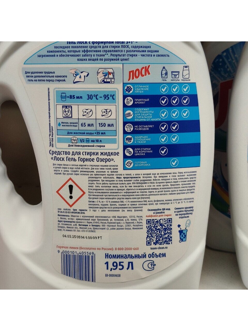 Жидкие средства для стирки ЛоскГорное озеро с формулой Total 3+1 - последнее поколение средств для стирки Лоск, содержащих компоненты, которые эффективно справляются с различными видами загрязнений и обеспечивают заботу о ткани. Результат стирки - чистота и свежесть ваших вещей по разумной цене!
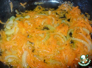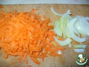 Морковь натереть на крупной терке, лук нарезать полукольцами.
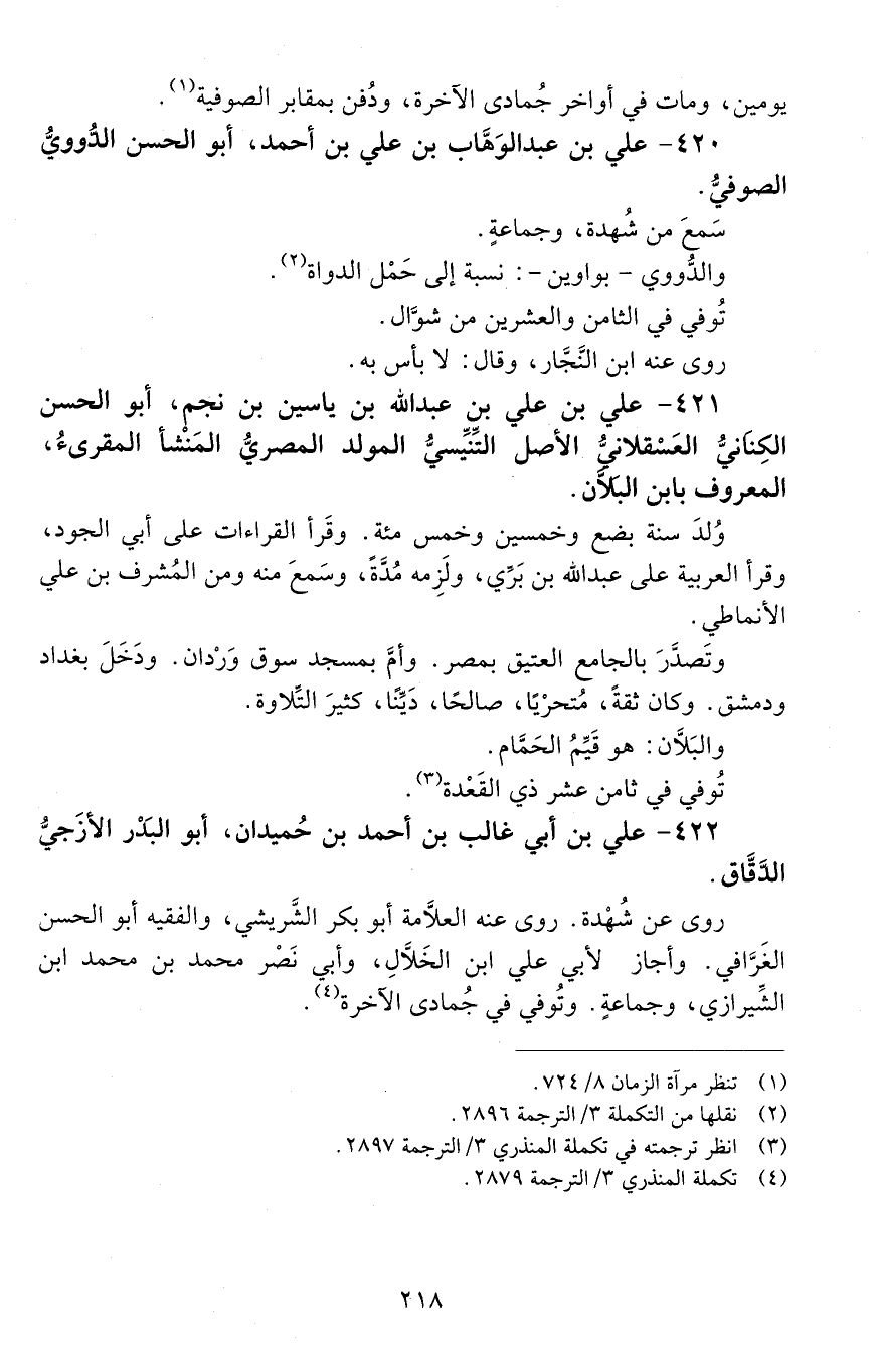 421 - عَلِيّ بْن عَلِيّ بْن عَبْد اللَّه بْن ياسين بن نجم، أَبُو الْحَسَن الكناني العَسْقلانيّ الأصلِ التِّنِّيسيّ المولد الْمَصْريّ المنَشْأ المُقرئ، المعروفُ بابن البلَّان. [المتوفى: 636 هـ]
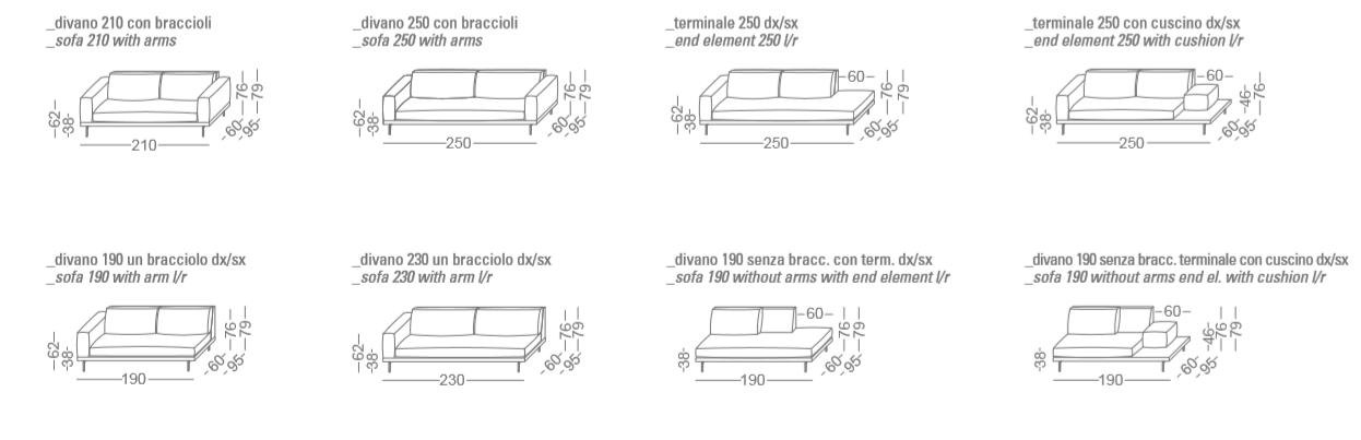 750 Link is an extremely customizable sofa; it can be combined into numerous variants by choosing single elements with different sizes along with corner and end elements, islands, chaise-longues and ottomans that can be freely joined together
* * * * *
**Exercise description:** Print the data exactly, from its first line to the line containing "Морковь натереть на", both included. Omit the pictures.

**Answer box:**
 Жидкие средства для стирки ЛоскГорное озеро с формулой Total 3+1 - последнее поколение средств для стирки Лоск, содержащих компоненты, которые эффективно справляются с различными видами загрязнений и обеспечивают заботу о ткани. Результат стирки - чистота и свежесть ваших вещей по разумной цене!
 Морковь натереть на крупной терке, лук нарезать полукольцами.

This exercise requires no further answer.